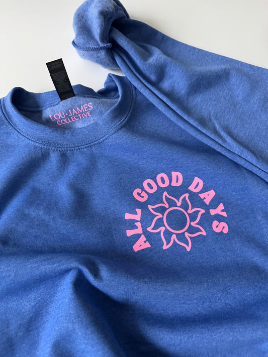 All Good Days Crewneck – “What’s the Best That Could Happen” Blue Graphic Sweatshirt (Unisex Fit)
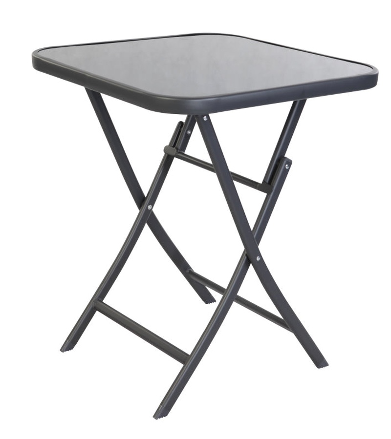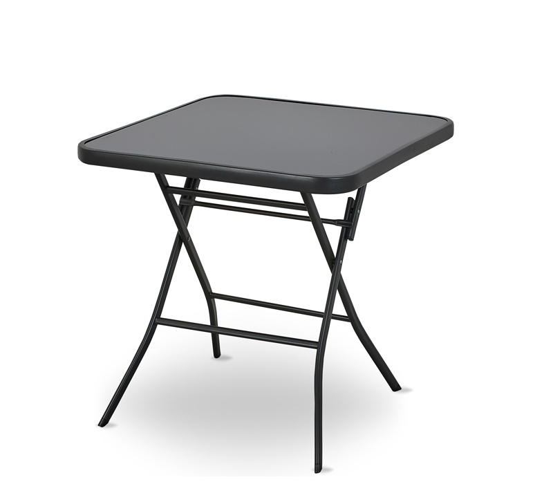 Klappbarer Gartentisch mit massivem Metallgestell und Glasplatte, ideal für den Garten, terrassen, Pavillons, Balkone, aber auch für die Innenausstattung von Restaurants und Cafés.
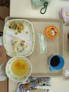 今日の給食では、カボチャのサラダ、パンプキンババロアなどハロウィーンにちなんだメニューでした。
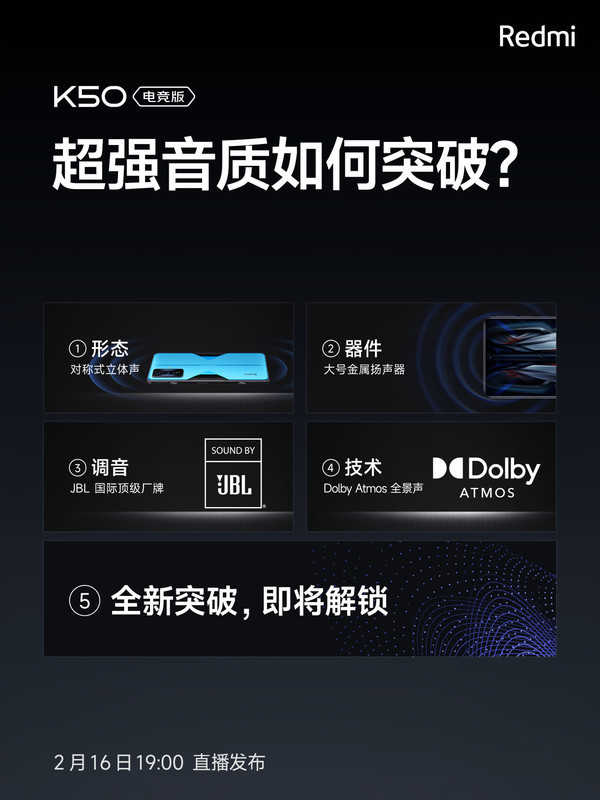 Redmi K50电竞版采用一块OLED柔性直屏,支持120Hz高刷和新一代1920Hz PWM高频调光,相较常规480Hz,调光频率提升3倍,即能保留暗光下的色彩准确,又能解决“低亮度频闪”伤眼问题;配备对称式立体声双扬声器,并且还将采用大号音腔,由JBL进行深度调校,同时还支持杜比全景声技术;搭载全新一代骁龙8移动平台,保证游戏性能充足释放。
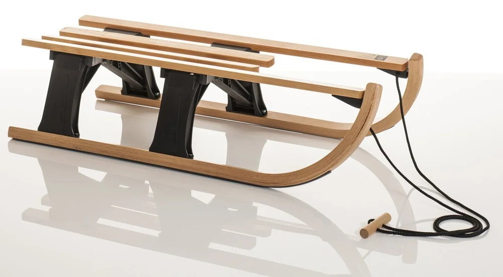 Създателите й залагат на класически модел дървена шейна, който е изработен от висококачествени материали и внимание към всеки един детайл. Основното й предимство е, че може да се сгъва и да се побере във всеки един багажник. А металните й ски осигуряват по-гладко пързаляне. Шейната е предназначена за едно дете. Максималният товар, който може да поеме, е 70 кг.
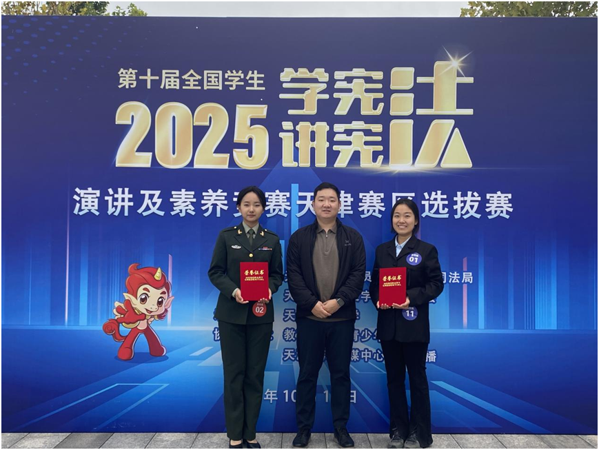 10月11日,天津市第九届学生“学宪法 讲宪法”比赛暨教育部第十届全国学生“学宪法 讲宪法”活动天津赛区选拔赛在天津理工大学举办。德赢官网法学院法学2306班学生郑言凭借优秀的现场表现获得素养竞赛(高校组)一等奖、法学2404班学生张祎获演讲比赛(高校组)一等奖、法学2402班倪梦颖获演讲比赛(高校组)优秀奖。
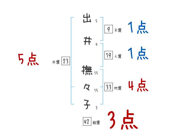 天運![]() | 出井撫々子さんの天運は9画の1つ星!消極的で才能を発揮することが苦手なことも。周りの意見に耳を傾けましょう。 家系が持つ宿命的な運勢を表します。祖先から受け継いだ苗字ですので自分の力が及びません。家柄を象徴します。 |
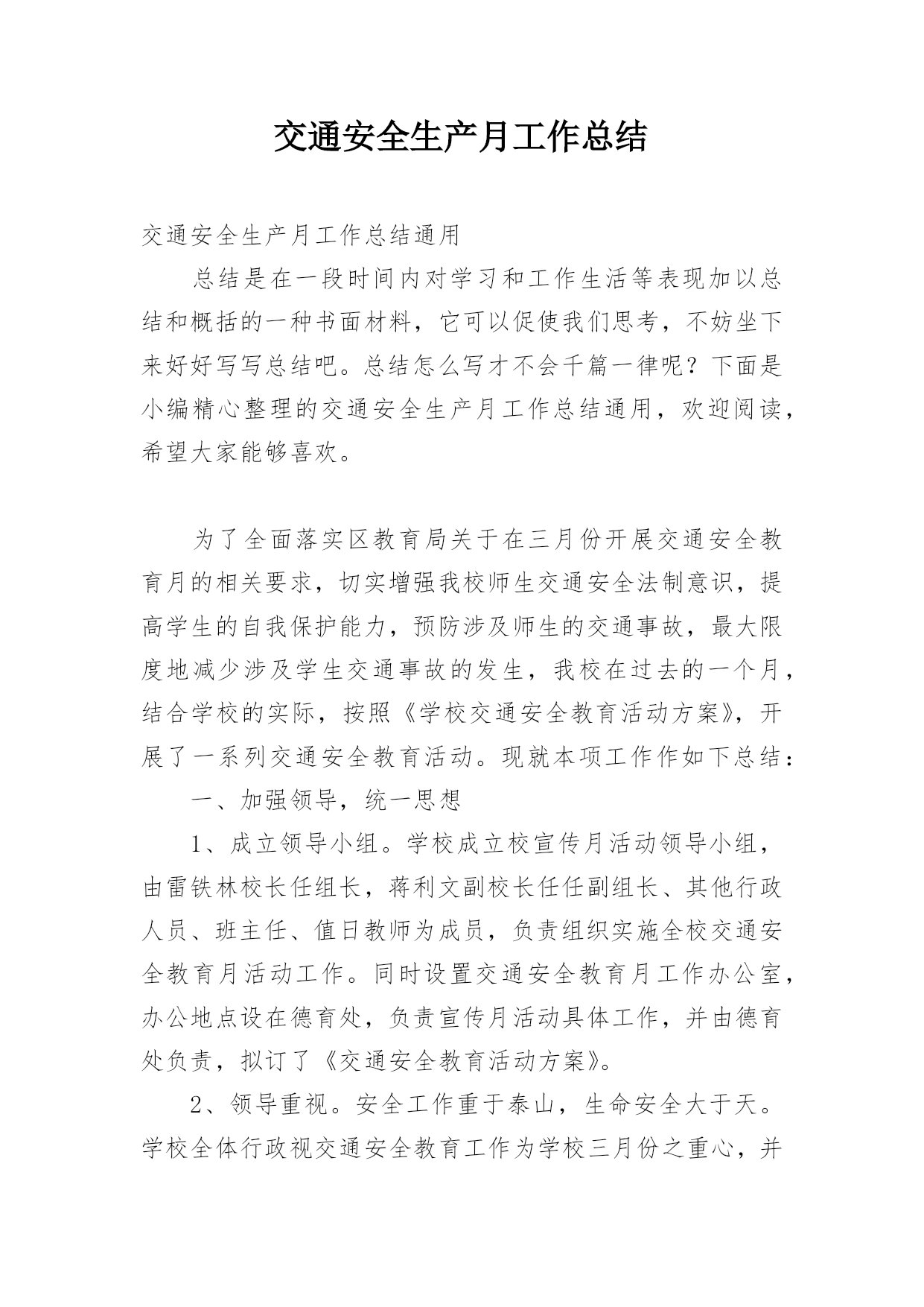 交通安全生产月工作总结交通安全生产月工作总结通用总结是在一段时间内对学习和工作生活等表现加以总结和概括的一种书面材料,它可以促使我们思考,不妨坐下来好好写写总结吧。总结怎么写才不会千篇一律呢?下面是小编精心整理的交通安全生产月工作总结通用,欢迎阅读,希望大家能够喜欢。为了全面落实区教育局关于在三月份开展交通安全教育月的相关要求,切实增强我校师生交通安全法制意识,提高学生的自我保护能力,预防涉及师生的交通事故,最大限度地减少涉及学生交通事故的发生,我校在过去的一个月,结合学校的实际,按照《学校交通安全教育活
==
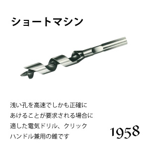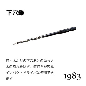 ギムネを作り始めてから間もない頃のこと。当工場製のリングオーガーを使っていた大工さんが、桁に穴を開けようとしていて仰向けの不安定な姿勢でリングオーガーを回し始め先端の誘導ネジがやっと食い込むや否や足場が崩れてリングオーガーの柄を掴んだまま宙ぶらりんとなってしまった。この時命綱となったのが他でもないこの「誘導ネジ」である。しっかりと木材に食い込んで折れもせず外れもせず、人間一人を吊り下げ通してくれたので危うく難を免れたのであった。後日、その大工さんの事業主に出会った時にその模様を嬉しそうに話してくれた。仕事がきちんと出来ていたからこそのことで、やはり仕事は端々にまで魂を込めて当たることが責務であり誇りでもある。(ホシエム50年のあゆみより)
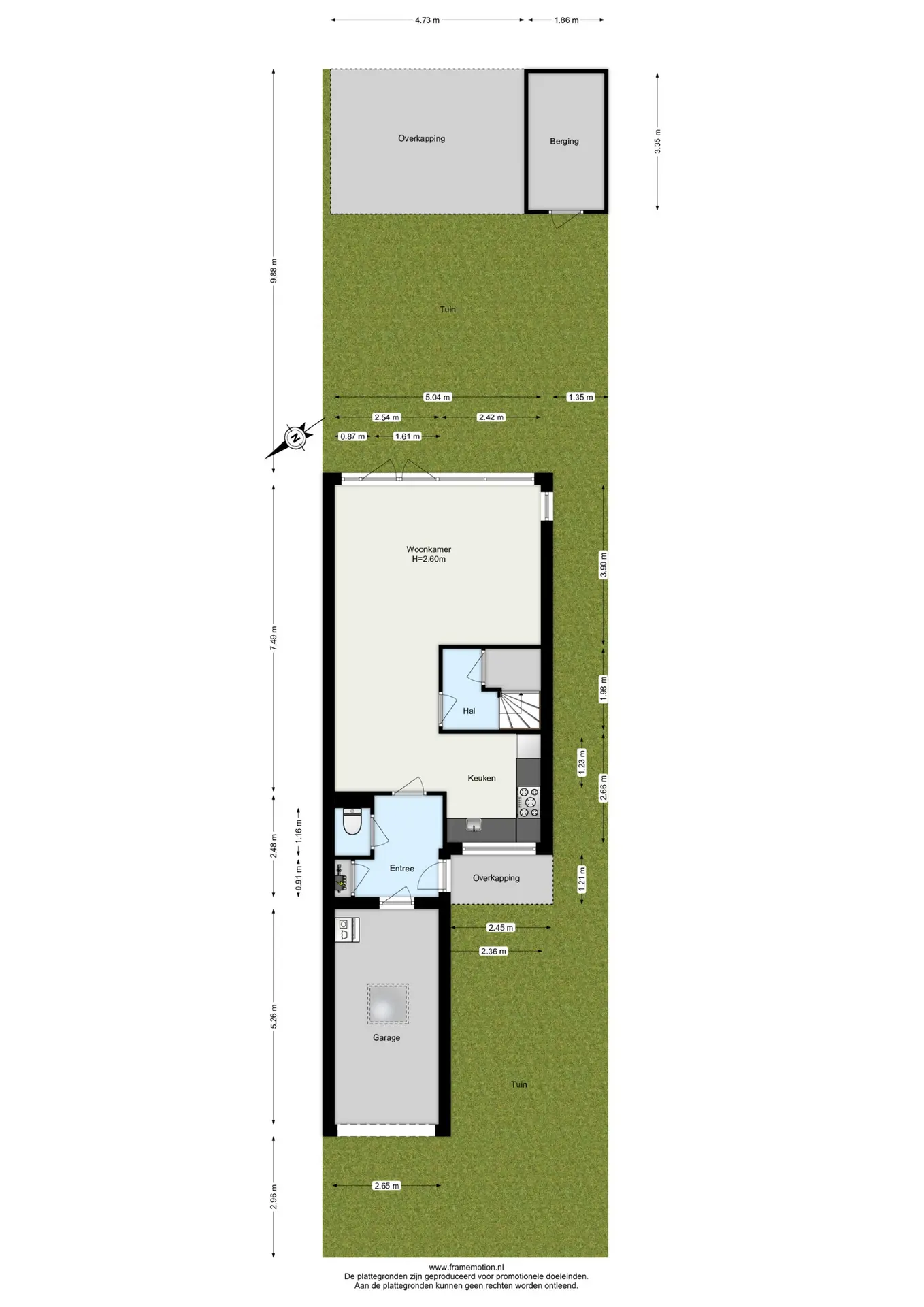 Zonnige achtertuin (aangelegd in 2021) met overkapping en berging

§ **What the task requires**:
Each line above starting at the one holding "天運![]() | 出井撫々子さんの天運は9画の1つ星!消極的で才能を発揮することが苦手なことも。周りの意見に耳を傾けましょう。" and ending at the one holding "交通安全生产月工作总结交通安" should be set down exactly as it stands, both ends included, with no pictures.

§ **Response area**:
 天運![]() | 出井撫々子さんの天運は9画の1つ星!消極的で才能を発揮することが苦手なことも。周りの意見に耳を傾けましょう。 家系が持つ宿命的な運勢を表します。祖先から受け継いだ苗字ですので自分の力が及びません。家柄を象徴します。 |
 交通安全生产月工作总结交通安全生产月工作总结通用总结是在一段时间内对学习和工作生活等表现加以总结和概括的一种书面材料,它可以促使我们思考,不妨坐下来好好写写总结吧。总结怎么写才不会千篇一律呢?下面是小编精心整理的交通安全生产月工作总结通用,欢迎阅读,希望大家能够喜欢。为了全面落实区教育局关于在三月份开展交通安全教育月的相关要求,切实增强我校师生交通安全法制意识,提高学生的自我保护能力,预防涉及师生的交通事故,最大限度地减少涉及学生交通事故的发生,我校在过去的一个月,结合学校的实际,按照《学校交通安全教育活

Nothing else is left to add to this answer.